**** PROVIDED INFORMATION

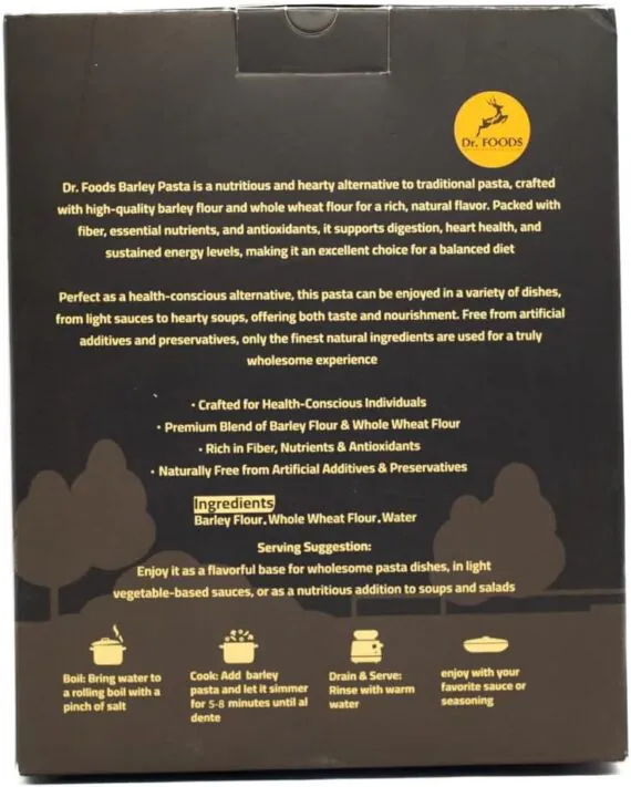 When it comes to healthy eating, the choice of staple foods makes a huge difference. Premium Barley Pasta – 400g by Dr. Foods combines rich taste, natural ingredients, and wholesome nutrition in one pack. Made from a premium blend of barley flour and whole wheat flour, this pasta is not only delicious but also packed with dietary fiber, essential minerals, and plant-based protein. For anyone who is health-conscious, fitness-oriented, or simply seeking a better alternative to refined pasta, this option brings balance to your daily meals without compromising on flavor.
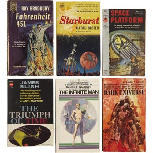 <B>Thirteen Science-Fiction and Exploitation Paperbacks, Three Signed</B></I>, including: <B>L.</B></I> <B>Sprague de Camp. </B></I><B><I>Rogue Queen</B></I></B></I>. New York: Dell, [1951]. Twelvemo. 192 pages. Overall near fine with minor wear and toning. [and:] <B>Claire Morgan. </B></I><B><I>The Price of Salt</B></I></B></I>. New York: Bantam Books [1952]. Twelvemo. 249 pages. Overall near fine with minor wear. Claire Morgan was a pseudonym used by novelist Patricia Highsmith (1921-1995). [and:] <B>Ray Bradbury.</B></I> <B><I>Fahrenheit 451</B></I></B></I>. New York: Ballantine Books [1953]. Inscribed and signed inside the front cover by the author. Twelvemo. 199 pages. Overall very good with wear and cracking along the spine. Stored in red cloth slipcase in fine condition. [and:] <B>Murray Leinster. </B></I><B><I>Space Platform</B></I></B></I>. New York: Pocket Books, Inc. [1953]. Twelvemo. 167 pages. Overall very good with some toning and wear. [and:] <B>Richard Matheson</B></I><B><I>. Third from the Sun</B></I></B></I>. New York: Bantam Books [1954]. Twelvemo. 180 pages. Overall near fine with minor wear. [and:] <B>Robert Crane. </B></I><B><I>Hero's Walk</B></I></B></I>. New York: Ballantine Books [1954]. Twelvemo. 196 pages. Overall near fine with minor wear and toning. [and:] <B>Frank Herbert. </B></I><B><I>21st Century Sub</B></I></B></I>. New York: Avon Books [1956]. Twelvemo. 190 pages. Overall near fine with minor wear. [and:] <B>Alfred Bester. </B></I><B><I>Starburst</B></I></B></I>. New York: Signet Books [1958]. Twelvemo. 160 pages. Overall near fine with minor wear and some marks along bottom edges of paper. [and:] <B>James Blish. </B></I><B><I>The Triumph of Time</B></I></B></I>. New York: Avon Publications, Inc. [1958]. Twelvemo. 158 pages. Overall near fine with minor wear. [and:] <B>Daniel F. Galouye. </B></I><B><I>Dark Universe</B></I></B></I>. New York: Bantam Books [1961]. Twelvemo. 154 pages. Overall very good with some wear and staining. [and:] <B>Harlan Ellison. </B></I><B><I>Rockabilly</B></I></B></I>. London: Frederick Muller [1961]. Signed by the author on the title page. Twelvemo. 176 pages. Near fine with minor wear. [and:] <B>Edmond Hamilton. </B></I><B><I>Outside the Universe</B></I></B></I>. New York: Ace Books [1964]. Inscribed and signed by the author inside the front cover. Twelvemo. 173 pages. Overall very very good with moderate wear. [and:] <B>Daniel F. Galouye. </B></I><B><I>The Infinite Man</B></I></B></I>. New York: Bantam Books [1973]. Twelvemo. 202 pages. Overall fine with minor wear. <I>From the Robert and Diane Yaspan Collection.</B></I><BR><BR><b>Shipping:</b> Books & Catalogs (<a target="_blank" href="http://www.heritageauctions.com/common/shipping.php">view shipping information</a>)
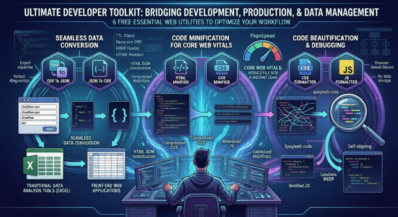 A developer's time is their most valuable asset. Stop relying on clunky IDE plugins or writing custom scripts just to handle basic formatting and conversions. These 6 utilities are lightning-fast, highly secure, and process everything directly in your browser without storing your sensitive data on external servers.
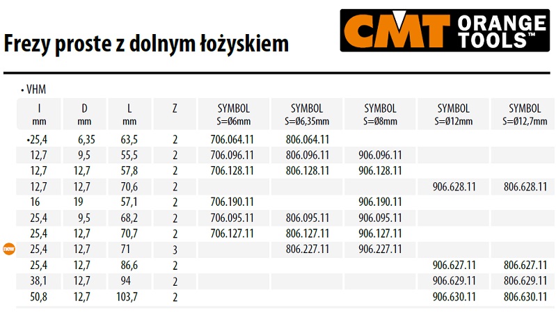 Frez prosty z dolnym łożyskiem o długości roboczej I-50,8 mm o średnicy D-12,7 mm firmy CMT ORANGE TOOLS.
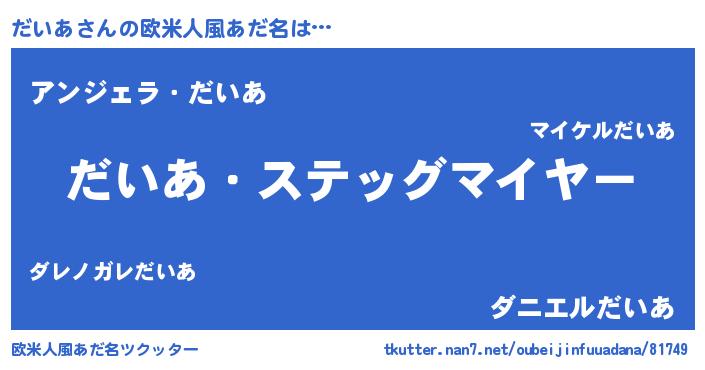 | 男性向けラノベタイトル風あだ名 | 『緋弾のダイア』『はたらくだいあさま!』 |
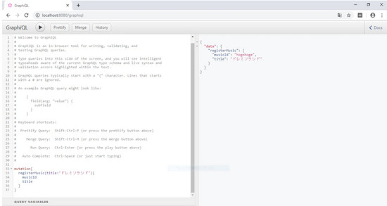 $ curl -s "http://localhost:8080/graphql" -X POST -H "Content-Type: application/json" -d '{"query":"mutation{registerMusic(title:\"NO WAR in the future\"){musicId,title}}"}'
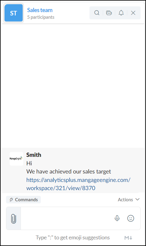 An alert message will be displayed on the corresponding platform when the data alert conditions are met. In the above example, we have specified a webhook request to deliver the message to a Zoho Cliq (a popular chat application from Zoho) channel when the data alert conditions are met.
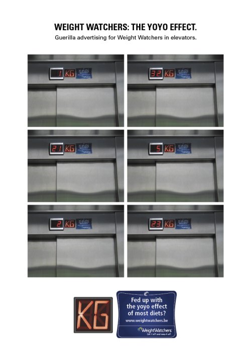 Jak widać, w przypadku wind można wykorzystywać nie tylko drzwi. Fantastyczna kampania dot. efektu yo-yo, z którym ma do czynienia większość osób próbujących zrzucić wagę.
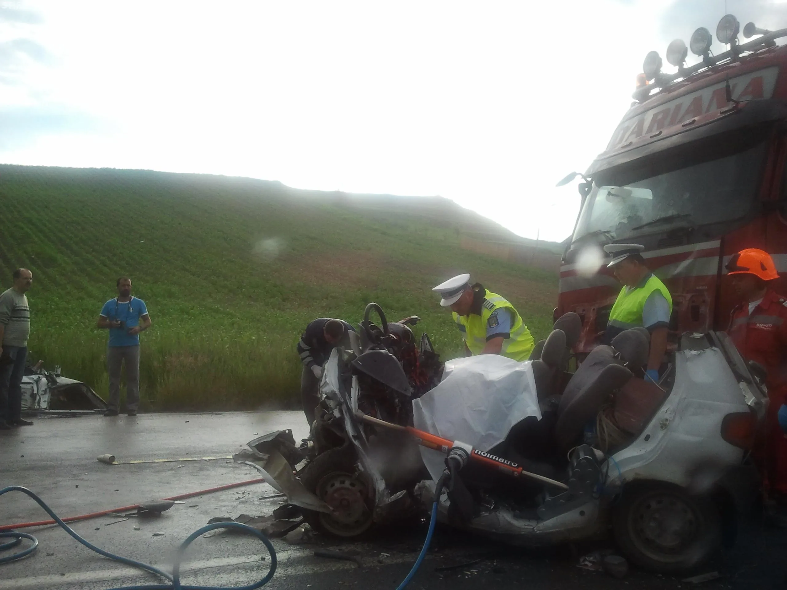 "Am fost solicitati in jurul orei 06:04. Ne-am deplasat la fata locului si acolo o masina mica care era sub un TIR. In masina mica erau 2 barbati si amandoi au murit. Cand am ajuns acolo una dintre persoane era decedata deja, dupa care a murit si cea dea doua. S-a intervenit cu echipaje de descarcerare.
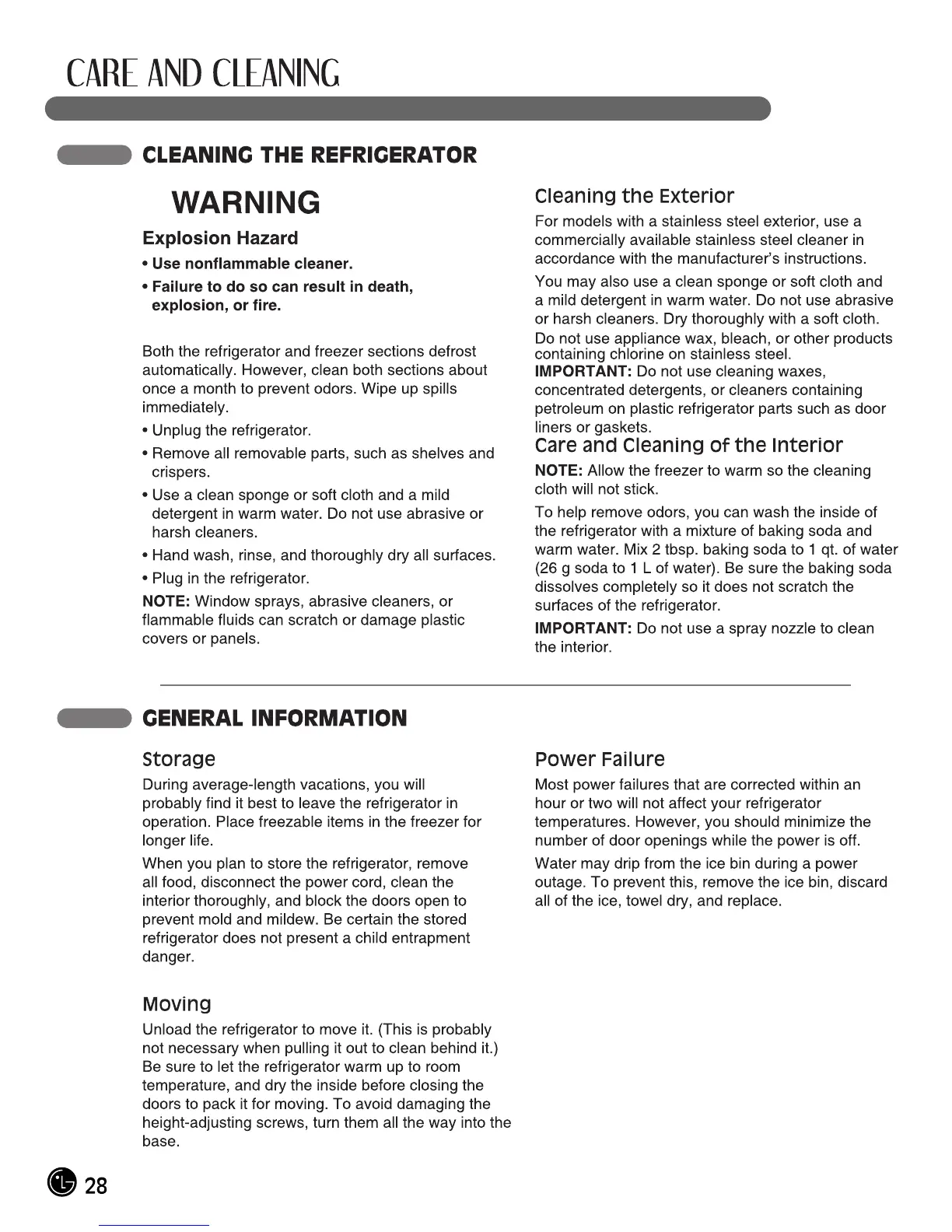 LG LFCS25426* - Care and Cleaning; Cleaning the Refrigerator

********

» **THE PROBLEM**:
What must be output is the exact run of lines from the one holding "An alert message" through the end of the entries above, both ends included, minus the pictures.

» **EXERCISE SOLUTION**:
 An alert message will be displayed on the corresponding platform when the data alert conditions are met. In the above example, we have specified a webhook request to deliver the message to a Zoho Cliq (a popular chat application from Zoho) channel when the data alert conditions are met.
 Jak widać, w przypadku wind można wykorzystywać nie tylko drzwi. Fantastyczna kampania dot. efektu yo-yo, z którym ma do czynienia większość osób próbujących zrzucić wagę.
 "Am fost solicitati in jurul orei 06:04. Ne-am deplasat la fata locului si acolo o masina mica care era sub un TIR. In masina mica erau 2 barbati si amandoi au murit. Cand am ajuns acolo una dintre persoane era decedata deja, dupa care a murit si cea dea doua. S-a intervenit cu echipaje de descarcerare.
 LG LFCS25426* - Care and Cleaning; Cleaning the Refrigerator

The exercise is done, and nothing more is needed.